Military Struggles To Meet Urgent Needs Of The Individual Soldier
In the war in Afghanistan it is the little things that count. Things like armored underwear. According to a recent article in USA Today, the Pentagon is providing troops on the ground with a variety of personal clothing and gear intended to provide greater protection against improvised explosive devices (IEDs). These include titanium athletic cups, Kevlar bicycle shorts, silk underwear and heavyweight leg guards or chaps. In addition, U.S. forces are now being sent hand-held ground penetrating radar that can be used to detect IEDs even if they contain virtually no metal. Having spent tens of billions of dollars for MRAPs, M-ATVs and double hulled Strykers and on vehicle mounted bomb detectors and jammers, the military has now turned its attention to the vulnerability of dismounted troops to IEDs.
The organization responsible for providing the troops with this additional protection is PEO Soldier. Since the conflicts in Iraq and Afghanistan began, PEO Soldier has worked to respond to a tsunami of urgent operational needs — requests from the field for clothing and equipment that the troops absolutely must have right away. These have included everything from warm weather clothing, improved night vision goggles, manportable robots and special escalation of force kits to assist soldiers in undertaking what were traditionally police duties such as traffic management or crowd control. Because soldiers standing up through the roofs of vehicles were subjected to sniper attacks, PEO Soldier developed and deployed 18,000 Common Remotely Operated Weapons Stations (CROWS). The CROWS allow soldiers to operate a variety of weapons, sensors and laser target designators from the safety of the vehicle’s interior. PEO Soldier also “invented” a new type of night vision goggle that combined imaging infrared with light intensification which allows soldiers to operate in and out of darkened buildings at night.
It may be surprising to some that we are still rushing new clothing and equipment to our troops some nine years after the conflict in Afghanistan began. One reason for this is that soldier clothing and equipment has rarely gotten the attention it required from the military in comparison to large, expensive weapons platforms. Another reason is that a different piece of clothing or equipment has been handled as a separate procurement item. Many are treated as commodities rather than as parts of a weapons system — the soldier himself. Only recently has PEO Soldier initiated a program to treat the soldier as a system in which planning for all the clothing and equipment is cared for in a systematic fashion, at least in theory. A third reason is the lack of a line item in the base defense budget to support both R&D and procurement of soldier clothing and equipment.

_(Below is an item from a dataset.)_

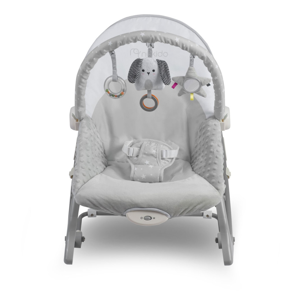 A Nukido rezgő pihenőszék kellemes, biztonságos kuckót teremt a picinek. A könnyű, 3,2 kg-os szerkezet stabil fémvázzal és finom, szürke plüsshuzattal készül, hogy a ringás élménye mellett lágy ölelésben tartsa a babát. A levehető játékív csillagos mintájú textillel borított, három kedves plüssjátékot rejt: kutyust, csillagot és csörgőkarikát, amelyek fejlesztik a látást és a tapintást. A beépített rezgő funkció megnyugtat, a puha, állítható öv pedig gondoskodik a biztonságról.

DoD has at long last taken a step to correct this last problem. The Pentagon has requested that Congress agree to a line item in the base defense budget to cover meeting urgent operational needs coming out of theaters of combat. More needs to be done. The military needs to consolidate its acquisition of soldier clothing and individual equipment rather than maintaining dozens and dozens of separate procurements. The number of requirements needs to be reduced, as well. Finally, clothing and equipment needs to get the same level of attention and dare I say respect that is afforded to major weapons systems.